"Le principe démocratique, écrit Jacques Maritain, ne demande pas seulement que les détenteurs de l'autorité soient désignés par le peuple, il demande qu'ils gouvernent aussi en communion avec le peuple ; et cela même exige que l'opinion publique soit constamment en éveil sur les questions qui intéressent la vie de la nation, et que les détenteurs de l'autorité gardent avec cette opinion publique active un contact attentif et permanent."
L'école qui veut garder les représentants du peuple à distance de leurs électeurs, qui traite la foule comme un troupeau ou une masse ignorante, bonne seulement à manipuler pour le vote en temps d'élection, est fine école dictatoriale.
C'est plus facile de gouverner une étable qu'une nation. Mais ceux qui gouvernent une nation comme une étable, même s'ils font de leurs administrés des sujets bien habillés et bien nourris, ne méritent pas d'être à la tête d'une nation. C'est une ferme d'élevage qu'il leur faut.
Pour que les députés puissent se tenir en contact avec une opinion publique en éveil, il faut que cette opinion publique existe, puis qu'elle s'exprime, qu'elle soit active, comme dit Jacques Maritain.
Cela suppose l'étude des problèmes qui touchent à la vie de la Nation, non pas seulement par les hommes qui gouvernent, mais par ceux qui sont gouvernés.
Nous en revenons à la remarque faite dans le dernier numéro : c'est chez les administrés qu'il faut faire un changement d'abord. Inutile de changer les hommes au pouvoir, si les administrés continuent de passer des mois et des années sans donner une minute de leur temps à l'étude des questions publiques.
Le contact des députés avec les électeurs suppose donc d'abord des électeurs renseignés pour savoir quoi rechercher dans la ligne du bien commun ; puis des députés qui ont conscience de leur rôle de représentants de ces électeurs et sont contents de venir en contact avec eux.

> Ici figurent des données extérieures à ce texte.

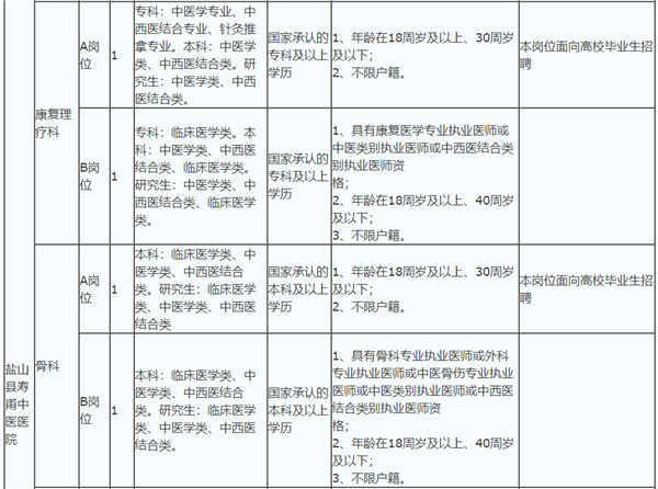 招聘崗位所需的具體條件詳見《2021年鹽山縣壽甫中醫(yī)醫(yī)院公開招聘事業(yè)單位工作人員崗位信息表》(附件1)。留學(xué)回國人員和其他海外、外國學(xué)歷學(xué)位獲得者的專業(yè)名稱與招聘崗位要求專業(yè)名稱不完全一致,但所學(xué)專業(yè)課程與招聘崗位專業(yè)課程大部分相同,且符合該崗位所需要的其他條件的,也可報(bào)考該招聘崗位。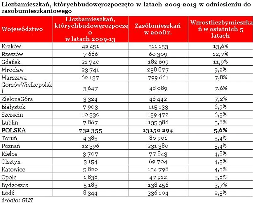 Odnosząc liczbę rozpoczynanych projektów do zasobu mieszkaniowego w danym mieście okazuje się, że w ciągu ostatnich 5 lat w największym stopniu przybyło ich w Krakowie, gdzie zasób powiększył się aż o 13,6 proc. w stosunku do 2008 roku. Wyraźny wzrost odnotowano także w Rzeszowie, gdzie liczba mieszkań wzrosła o 12,7 proc.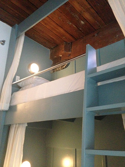 ブルックリン・カルチャーを牽引しているとも言えるこのホテル、インテリアのディレクションはアンドリュー・ターロウ氏が手がけています。彼はウィリアムズバーグで人気のレストラン「Marlow & Sons(マーロウ・アンド・サンズ)」なども手がけた人物で、ブルックリンのトレンドを生んだとも言える人。ホテルの部屋は70室でタイプもさまざまですが、今回宿泊したお部屋はこちらの「Bank Bed」。2段ベッドでコンパクトながら、天井が高く快適です。奥にはテラスもあります。

Des députés qui boudent les électeurs comprennent bien mal leur devoir. Ils devraient être les premiers à cultiver l'étude et la vigilance chez leurs électeurs, pour pouvoir eux-mêmes se décharger mieux de leurs devoirs.
Par opinion publique active et dans l'ordre, il ne faut pas entendre les soulèvements d'une foule surexcitée par des anarchistes ou des provocateurs. L'élu du peuple serait coupable, comme le remarque encore Maritain, s'il cédait à une poussée de l'opinion publique qu'il considère comme nuisible à la justice ou au bien commun. Mais ajoute-t-il, si l'élu "doit lutter contre des tendances prévalentes à tel ou tel moment chez ceux-là mêmes qui l'ont élu, c'est en gardant plus que jamais contact avec eux, en travaillant à les informer, à les éclairer, à les convaincre, non en se séparant d'eux... en faisant à la fois et du même coup œuvre d'éducation de l'opinion publique et œuvre de gouvernement."

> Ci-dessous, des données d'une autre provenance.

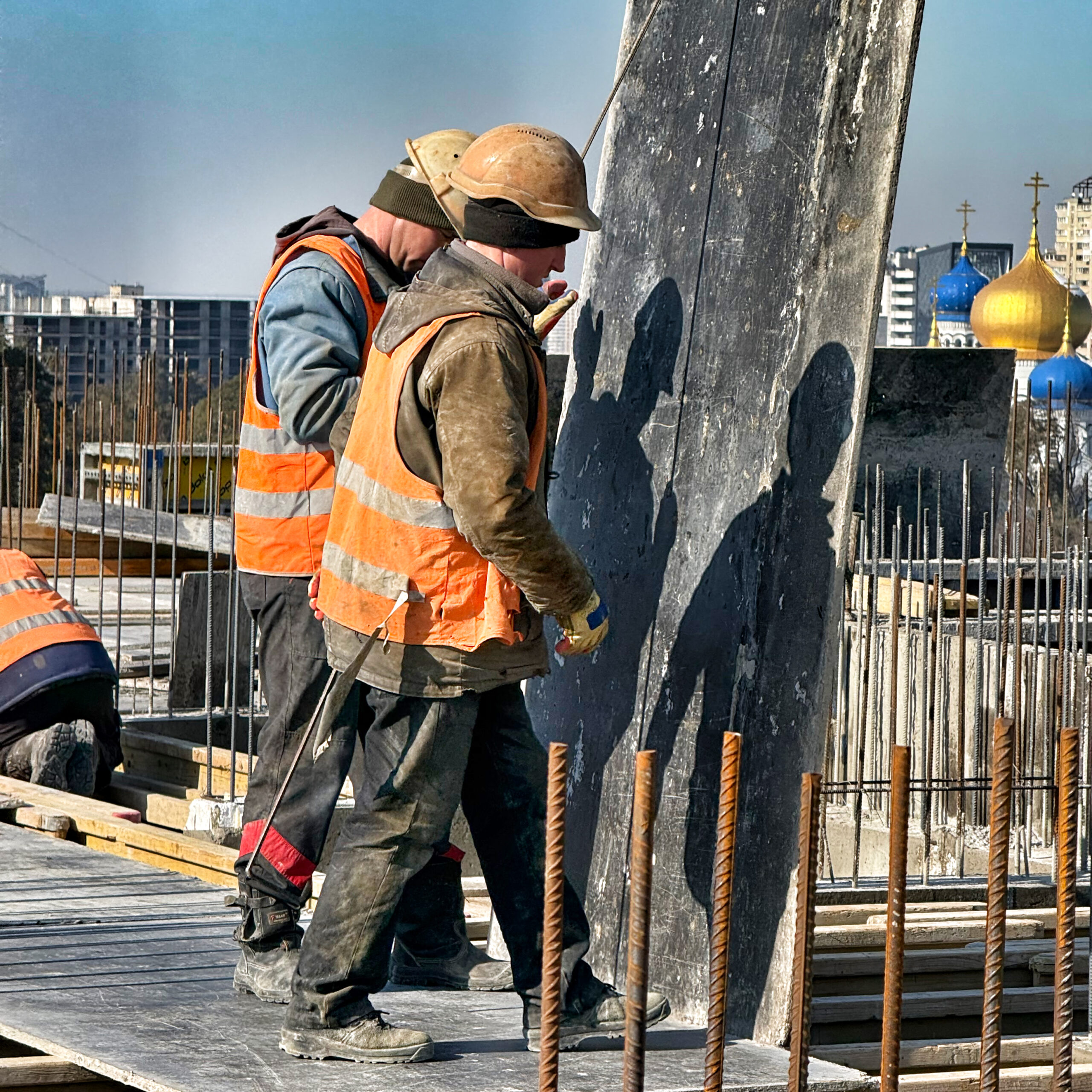 - Проводяться роботи зі встановлення арматури та опалубки для залиття колон та несучих елементів під каркас 10 поверху.

L'Union Créditiste des Électeurs, par l'Institut d'Action Politique qui la guide et l'inspire, par le rappel des principes, par l'étude organisée autour du journal Vers Demain, essaie de rester toujours dans la ligne de la justice et du bien commun en matière d'opinion publique.
Mais, par bien commun, elle n'entend pas une chose nuageuse et abstraite qui laisse tout le monde en pénitence ; c'est, selon l'expression de Maritain, "un bien commun de personnes humaines, dont la valeur principale est l'accession des personnes à leur liberté d'épanouissement." (Principes d'une politique humaniste, pp. 71, 72, 73.)

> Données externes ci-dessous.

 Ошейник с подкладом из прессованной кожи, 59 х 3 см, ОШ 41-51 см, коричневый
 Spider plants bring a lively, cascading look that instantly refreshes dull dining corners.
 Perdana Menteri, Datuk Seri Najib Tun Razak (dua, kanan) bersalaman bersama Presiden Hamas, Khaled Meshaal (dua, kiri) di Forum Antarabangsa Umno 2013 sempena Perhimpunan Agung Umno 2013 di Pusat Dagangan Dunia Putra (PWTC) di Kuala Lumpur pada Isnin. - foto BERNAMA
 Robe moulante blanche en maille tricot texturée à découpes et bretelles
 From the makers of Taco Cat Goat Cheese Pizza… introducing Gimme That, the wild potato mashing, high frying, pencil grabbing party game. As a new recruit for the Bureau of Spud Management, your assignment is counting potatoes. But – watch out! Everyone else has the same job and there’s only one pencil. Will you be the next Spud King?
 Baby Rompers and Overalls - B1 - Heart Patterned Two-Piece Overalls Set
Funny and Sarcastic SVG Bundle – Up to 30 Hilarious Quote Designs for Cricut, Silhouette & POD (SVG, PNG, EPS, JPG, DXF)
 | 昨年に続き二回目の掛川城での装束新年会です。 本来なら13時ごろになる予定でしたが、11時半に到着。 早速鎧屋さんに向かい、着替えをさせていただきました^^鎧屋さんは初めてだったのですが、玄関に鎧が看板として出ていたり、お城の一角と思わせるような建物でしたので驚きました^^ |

Lorsque l'Union Créditiste des Électeurs demande quelque chose, ce n'est pas pour un homme, ni pour un petit groupe, pas même pour les créditistes seulement, mais pour tout le monde. C'est le bien de tous à la fois, sans distinction de couleur, qu'elle cherche. Quand elle demande, c'est pour avantager tous et chacun des citoyens, sans déposséder ni priver personne.
Nous espérons que nos députés feront de plus en plus leurs délices de contacts fréquents avec l'Union Créditiste des Électeurs.